— TASK BRIEF —
Where the records below show a line containing "Introducing the Carsten", start copying; end with the line containing "为深化护理学、康复治疗学特色", and copy it too.

— RECORD SET —

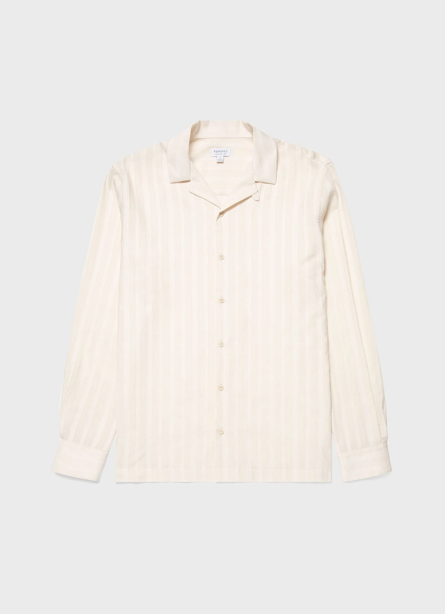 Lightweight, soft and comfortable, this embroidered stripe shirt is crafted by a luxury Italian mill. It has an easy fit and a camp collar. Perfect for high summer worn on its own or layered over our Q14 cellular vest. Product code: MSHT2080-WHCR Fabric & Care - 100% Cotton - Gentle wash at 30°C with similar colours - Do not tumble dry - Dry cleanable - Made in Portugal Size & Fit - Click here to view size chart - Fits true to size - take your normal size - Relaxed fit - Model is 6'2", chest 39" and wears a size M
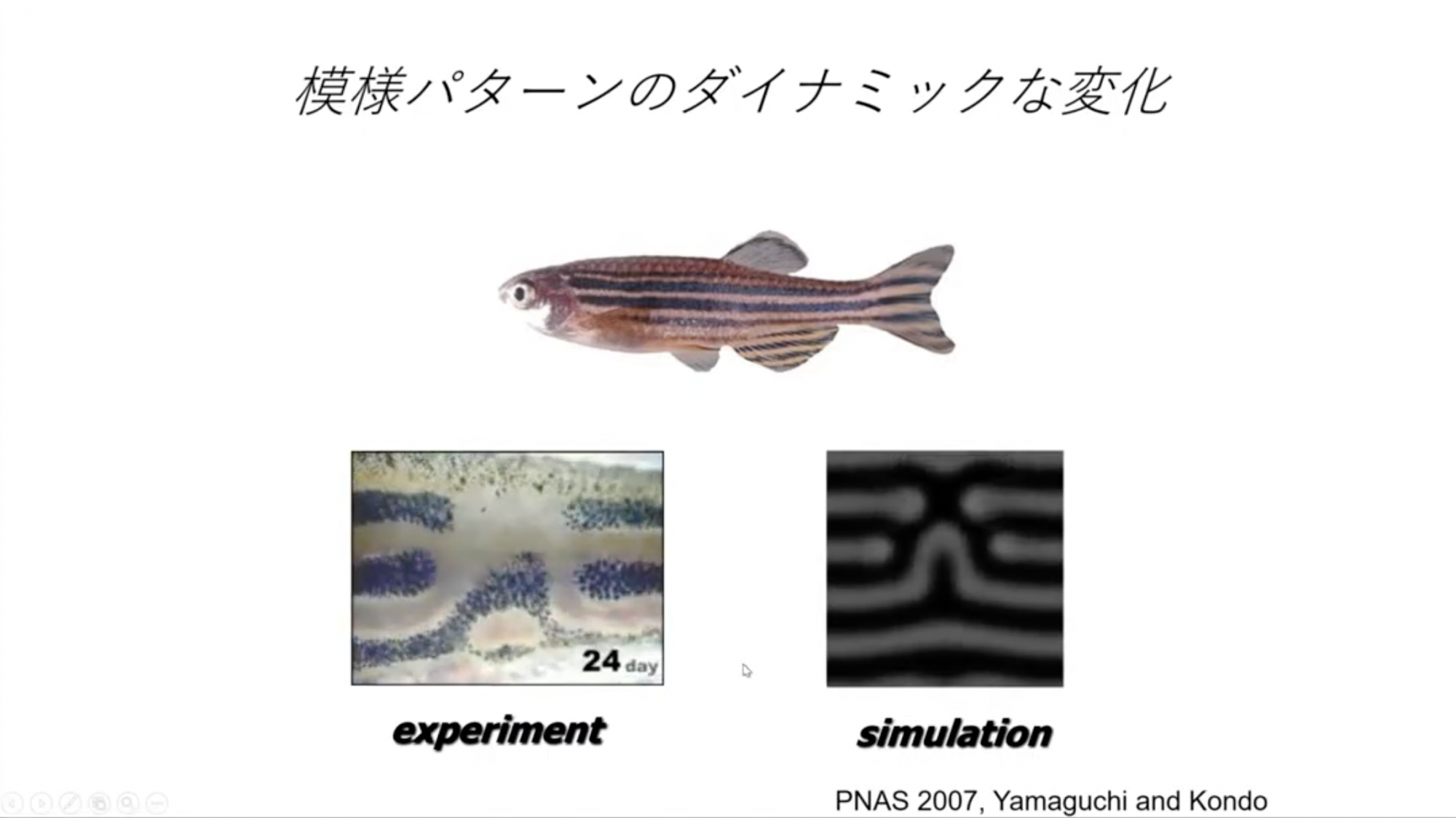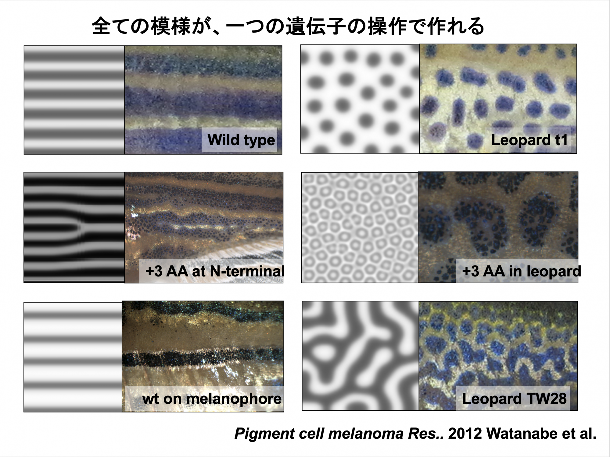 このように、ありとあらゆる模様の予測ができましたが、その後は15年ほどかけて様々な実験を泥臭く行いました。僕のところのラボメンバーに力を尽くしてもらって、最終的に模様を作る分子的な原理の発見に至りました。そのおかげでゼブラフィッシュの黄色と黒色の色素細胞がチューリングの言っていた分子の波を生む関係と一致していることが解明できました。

* * *

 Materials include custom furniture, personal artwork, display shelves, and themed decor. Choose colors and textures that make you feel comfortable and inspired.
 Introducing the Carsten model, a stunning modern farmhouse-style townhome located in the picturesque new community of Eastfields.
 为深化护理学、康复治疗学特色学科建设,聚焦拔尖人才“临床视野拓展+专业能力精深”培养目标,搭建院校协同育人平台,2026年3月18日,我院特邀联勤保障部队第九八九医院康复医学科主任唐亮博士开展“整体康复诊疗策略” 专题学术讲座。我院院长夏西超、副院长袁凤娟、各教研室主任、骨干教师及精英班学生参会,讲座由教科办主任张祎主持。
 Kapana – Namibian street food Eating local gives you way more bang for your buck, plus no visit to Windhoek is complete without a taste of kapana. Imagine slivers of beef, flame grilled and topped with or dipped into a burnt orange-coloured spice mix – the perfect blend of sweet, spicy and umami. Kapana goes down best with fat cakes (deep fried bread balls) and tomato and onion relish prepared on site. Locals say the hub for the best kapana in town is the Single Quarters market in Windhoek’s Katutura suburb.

* * *

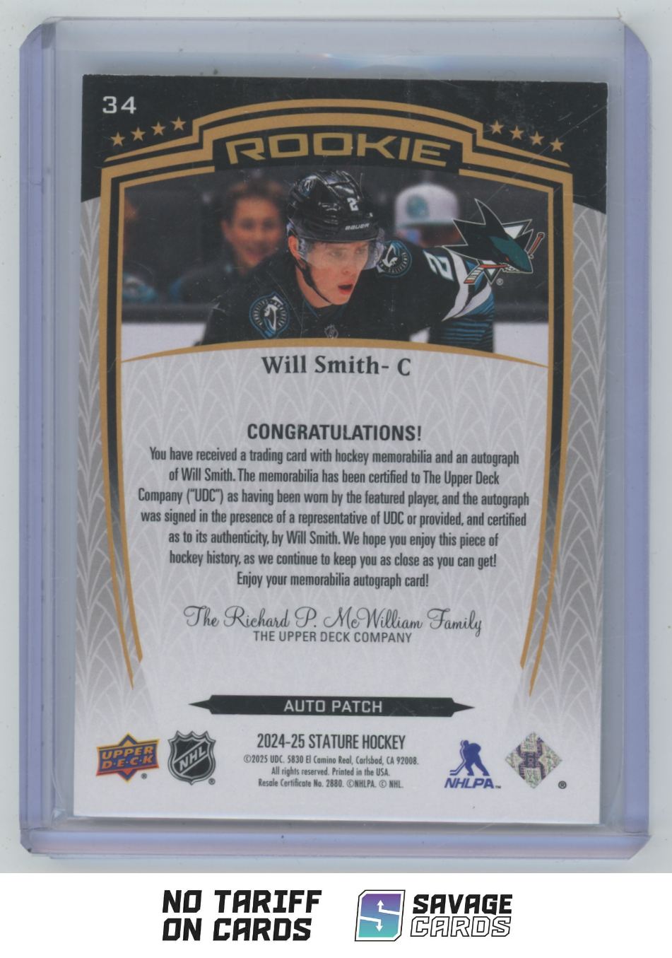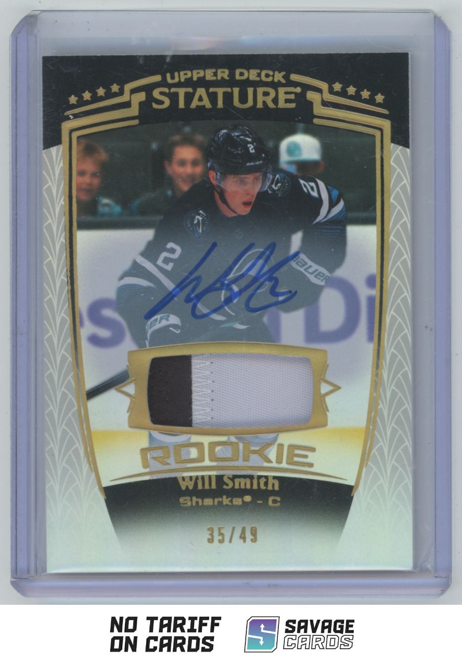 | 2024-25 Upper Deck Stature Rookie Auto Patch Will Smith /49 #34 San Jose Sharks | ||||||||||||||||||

— RESPONSE BELOW —
 Introducing the Carsten model, a stunning modern farmhouse-style townhome located in the picturesque new community of Eastfields.
 为深化护理学、康复治疗学特色学科建设,聚焦拔尖人才“临床视野拓展+专业能力精深”培养目标,搭建院校协同育人平台,2026年3月18日,我院特邀联勤保障部队第九八九医院康复医学科主任唐亮博士开展“整体康复诊疗策略” 专题学术讲座。我院院长夏西超、副院长袁凤娟、各教研室主任、骨干教师及精英班学生参会,讲座由教科办主任张祎主持。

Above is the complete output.